(Stored data entries)
..........
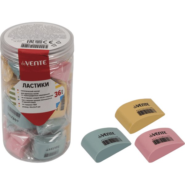 Ластик "deVENTE. Speedy" синтетический каучук, каплевидный цветной 40x22x11 мм, dust-free - крошки скатываются в один большой комочек, который потом легко убрать с бумаги, в индивидуальной упаковке.
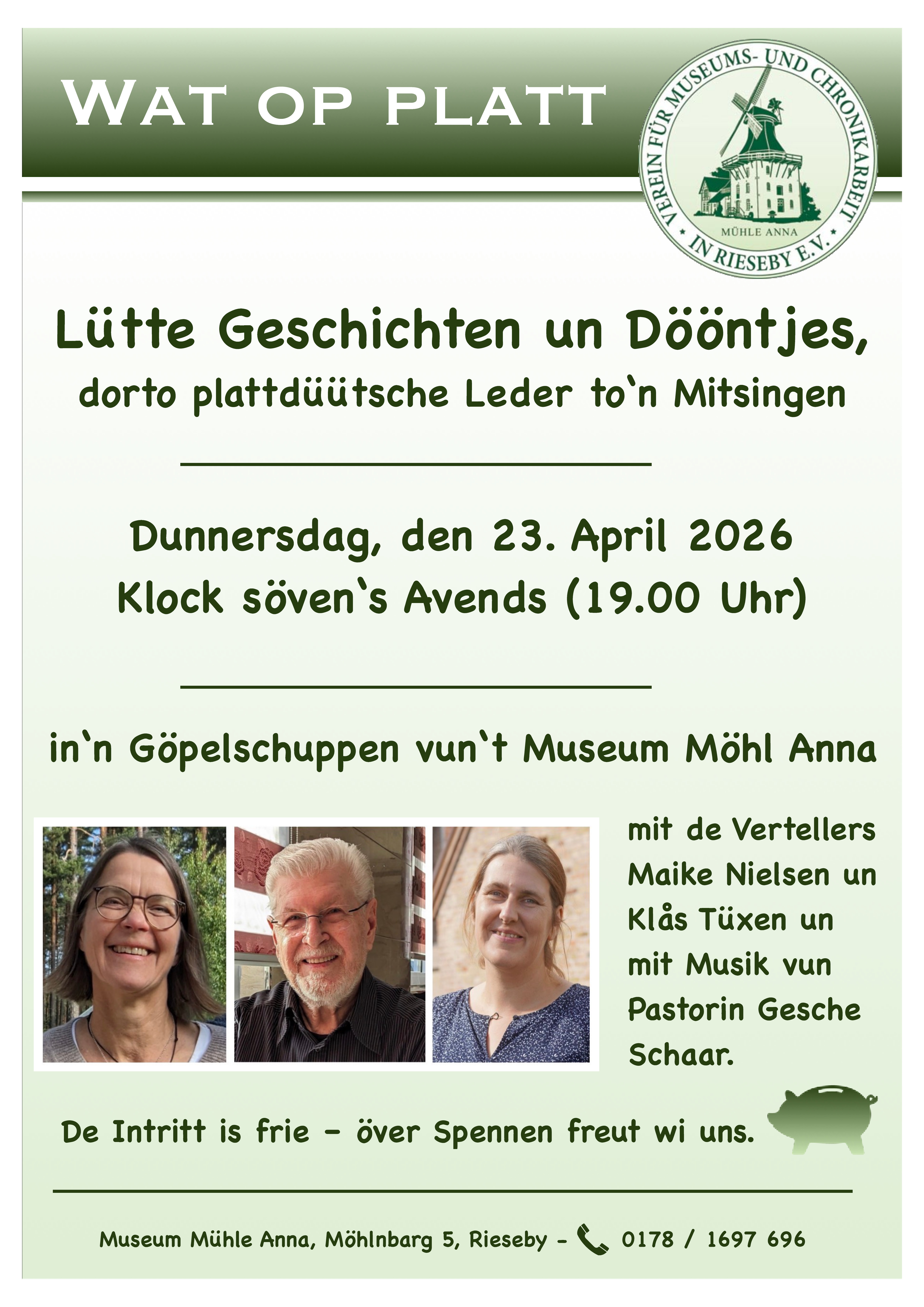 Freuen wir uns auf einen abwechslungsreichen Abend mit kleinen Erzählungen, Anekdoten und Geschichten aus dem Alltag, die zum Schmunzeln, zum Nachdenken und vielleicht auch zum Wiedererkennen einladen. Das Plattdeutsche lebt von seiner Nähe zu den Menschen und ihren Geschichten – genau das macht diesen Abend jedes Jahr zu etwas Besonderem.
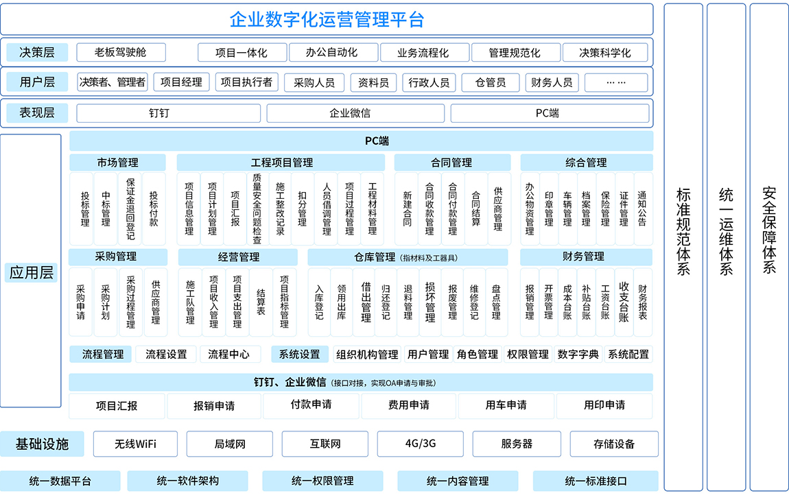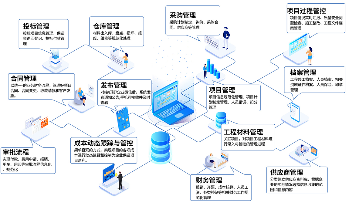 數(shù)字化管理系統(tǒng)對企業(yè)工程項目從項目投標中標、項目過程管理、合同管理、物資設備管理、采購管理、項目過程管理、施工隊管理、供應商、成本核算等進行全面綜合管理;縱向貫穿投標、采購、施工、竣工的全過程,橫向涉及公司內(nèi)部的各相關崗位,是一套全方位、集成的企業(yè)項目綜合管理平臺。通過對成本、進度、質(zhì)量、安全等方面的控制,以及對合同、結(jié)算、支付、資金等要素的管理,來提高工程類企業(yè)對工程項目的綜合配套能力。
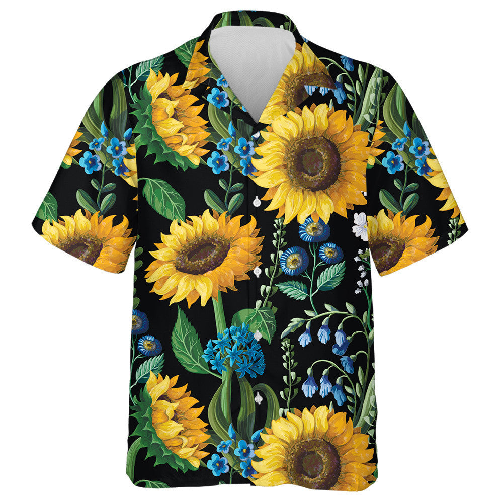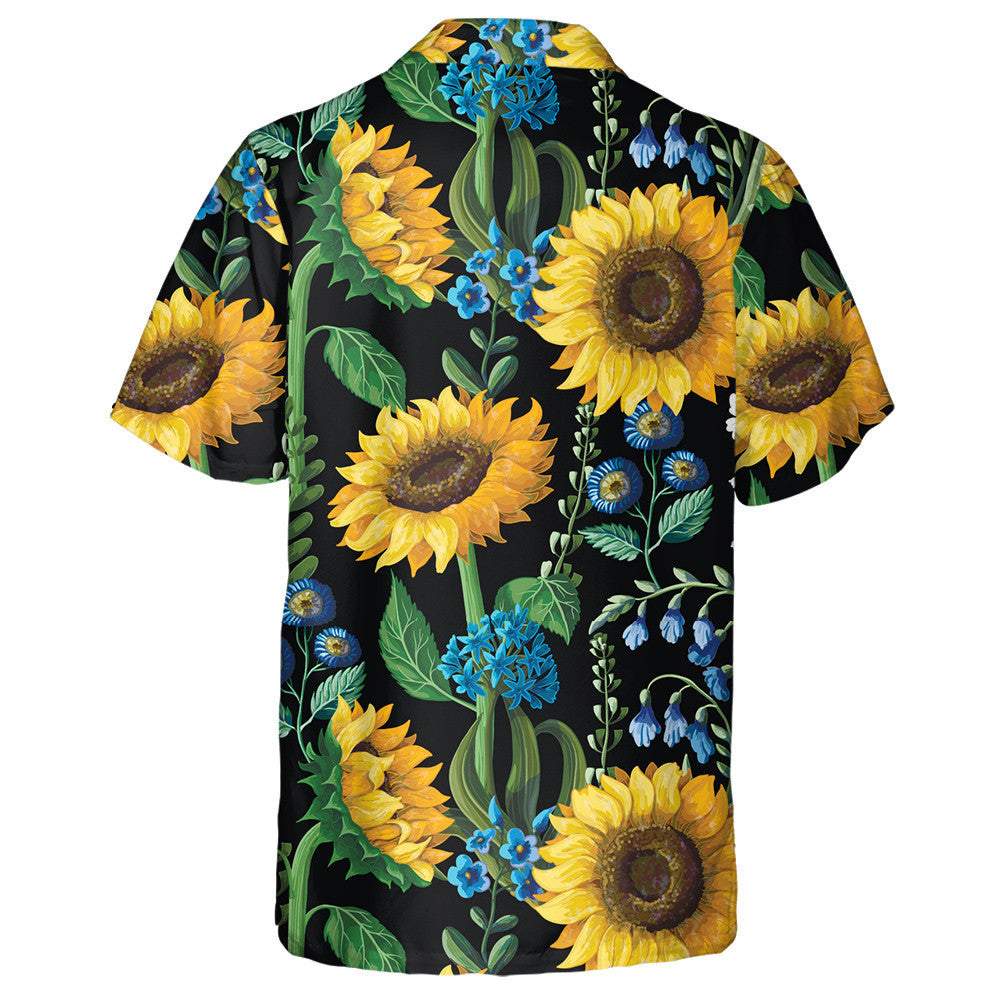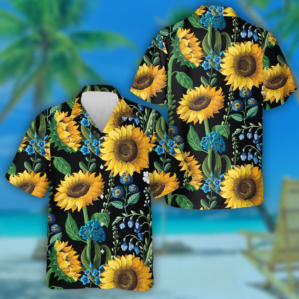 Patrún Hippie Bláthanna Gorma Agus Lus na Gréine ar Chúlra Dubh Léine Haváís, Bronntanas Léine Haváís, Bronntanas Nollag
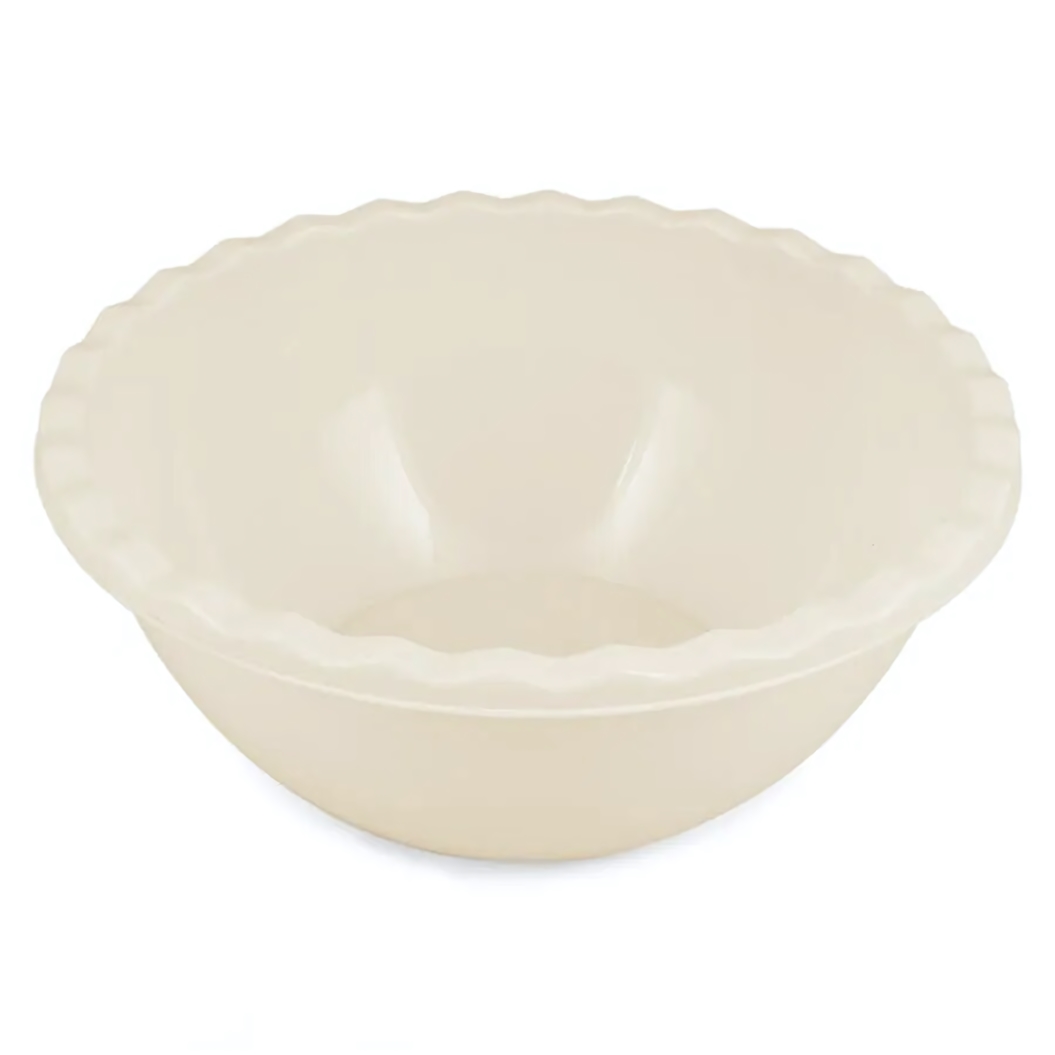 Миска пластиковая 2л, круглая с фигурным краем, цвет кремовый, для кухни и сервировки
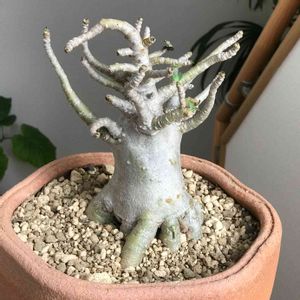 初めて『えこりん村』に行った時 一目惚れしてお連れした『アデニウム タイソコトラナム』 洋梨のような体型が可愛くて💕 右が正面(私が決めた👍🏻)。 下っ腹が少し剥けてるの😅 左が後ろ姿。 暴れん坊の尻尾がパシパシしてる(๑´ლ`๑)フフ♡ お水をあげると直ぐに葉っぱが出てくるって言ってたけど〜🤔 先ずは貴女にお似合いの鉢を見つけてあげなきゃね٩(๑❛ᴗ❛๑)۶
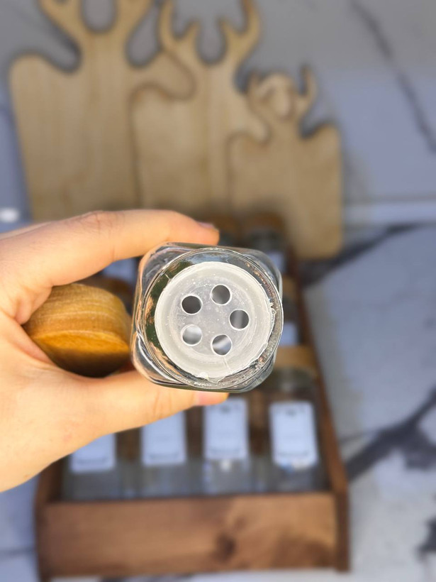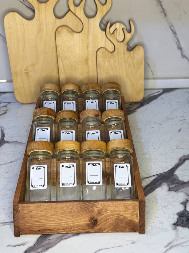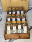 جا ادویه ۱۲تایی شیشه مک کارتی درب چوبی با استند نردبانی چوبی
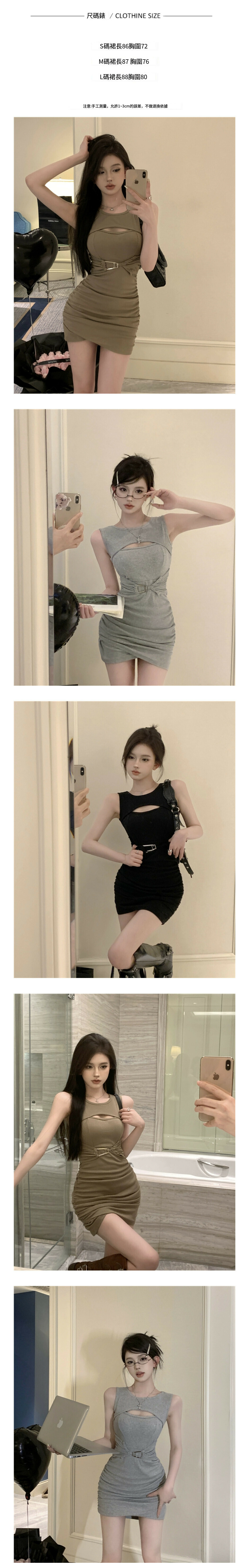 熱賣鏤空收腰連衣裙【卡其】【S-L碼】(下單後請聯絡客服確認發貨尺碼)
..........
WORK REQUEST: Would you retype the lines from the line containing "Patrún Hippie Bláthanna" to the final line of the entries above, exactly as given and without pictures?

OUTPUT FOR THIS EXERCISE:
 Patrún Hippie Bláthanna Gorma Agus Lus na Gréine ar Chúlra Dubh Léine Haváís, Bronntanas Léine Haváís, Bronntanas Nollag
 Миска пластиковая 2л, круглая с фигурным краем, цвет кремовый, для кухни и сервировки
 初めて『えこりん村』に行った時 一目惚れしてお連れした『アデニウム タイソコトラナム』 洋梨のような体型が可愛くて💕 右が正面(私が決めた👍🏻)。 下っ腹が少し剥けてるの😅 左が後ろ姿。 暴れん坊の尻尾がパシパシしてる(๑´ლ`๑)フフ♡ お水をあげると直ぐに葉っぱが出てくるって言ってたけど〜🤔 先ずは貴女にお似合いの鉢を見つけてあげなきゃね٩(๑❛ᴗ❛๑)۶
 جا ادویه ۱۲تایی شیشه مک کارتی درب چوبی با استند نردبانی چوبی
 熱賣鏤空收腰連衣裙【卡其】【S-L碼】(下單後請聯絡客服確認發貨尺碼)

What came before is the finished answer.